É neste contexto que se inscreve Lâmina da Lua, a exposição que dá início a um novo ciclo expositivo com curadoria de Ana Rito e Hugo Barata, na continuidade das investigações que iniciaram no programa Videologias. Aqui, o olhar desloca-se para a ideia de ritual como prática contemporânea que propõe uma reconfiguração da perceção, do tempo e da relação com o visível. As obras de Margarida Nuno Oliveira, Francisco Novais, Rita Barqueiro, Lia Falcão, Tomás Saraiva, Mafalda Ar, Francisco Rodrigues e Lula Pena, constituem pequenas cerimónias visuais que nos transportam para mundos simbólicos cheios de tensões.
O trabalho de Margarida Nuno Oliveira, apresentado em múltiplos suportes — vídeo, fotografias, posters — desenha relações entre o efémero e o vestígio, fazendo do arquivo um lugar orgânico recheado de fragmentos que reforçam a dimensão de ritual.
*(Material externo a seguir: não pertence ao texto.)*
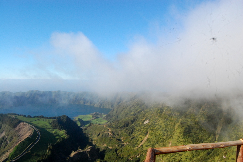 Mas a melhor parte da lagoa do canário nem é a própria lagoa em si , ao continuar-mos o trilho sempre em frente , rodeados sempre de árvores e de ar puro , vamos chegar a um miradouro esplêndido . Como estamos ao mesmo nível das nuvens é difícil de tirar boas fotos pois num momento está céu aberto e no outro já tem uma nuvem em frente da máquina .

Em drums (2021), Francisco Novais constrói uma peça hipnótica a partir de postais vintage das Rocky Mountains. A pulsação criada pelas várias imagens é possível através da montagem e do som, que dão origem a uma nova leitura sobre a paisagem e o arquivo.
O vídeo de Rita Barqueiro nocturnal ballet (2025), encena movimentos de luz sobre troncos e folhas. Na noite, a luz da lanterna sublinha os contornos da natureza desenhando na escuridão. No contraste entre o negro da noite e os contornos que emergem, instala-se um estado de atenção e suspensão — o ritual reside na repetição silenciosa do gesto. A dimensão onírica adensa-se com as aguarelas de Lia Falcão que convocam formas arborescentes e imagens que parecem emergir de um estado interior. São desenhos que se insinuam como visões.
A mão, arquétipo de ação, toque e cuidado, aparece na pintura de Tomás Saraiva suspensa num tempo sem narrativa. Na pintura é inscrita a frase “que tudo cura”, como se o gesto da mão (e talvez o da pintura) fosse o de escrever um feitiço ou uma promessa. Nas fotografias de Mafalda Ar, o corpo é íntimo e enigmático. As imagens abrem fissuras na perceção, como se fossem feitiços visuais que parecem falar sobre dores íntimas, tensões entre o que se sente e o que se mostra.
A dupla presença de Francisco Rodrigues com os vídeos Horseplay e Lido, faz colidir o sonho e o quotidiano. As imagens de Horseplay (2024), inundadas por luz vermelha, são hipnóticas no cenário de desejo e delírio que convocam. E em Lido (2025) o artista compõe um diário sensorial de imagens captadas com uma delicadeza quase táctil — vestígios de um verão suspenso, íntimo, existencial. É um trabalho meditativo com um monólogo interno que procura sentido no que vemos e sentimos.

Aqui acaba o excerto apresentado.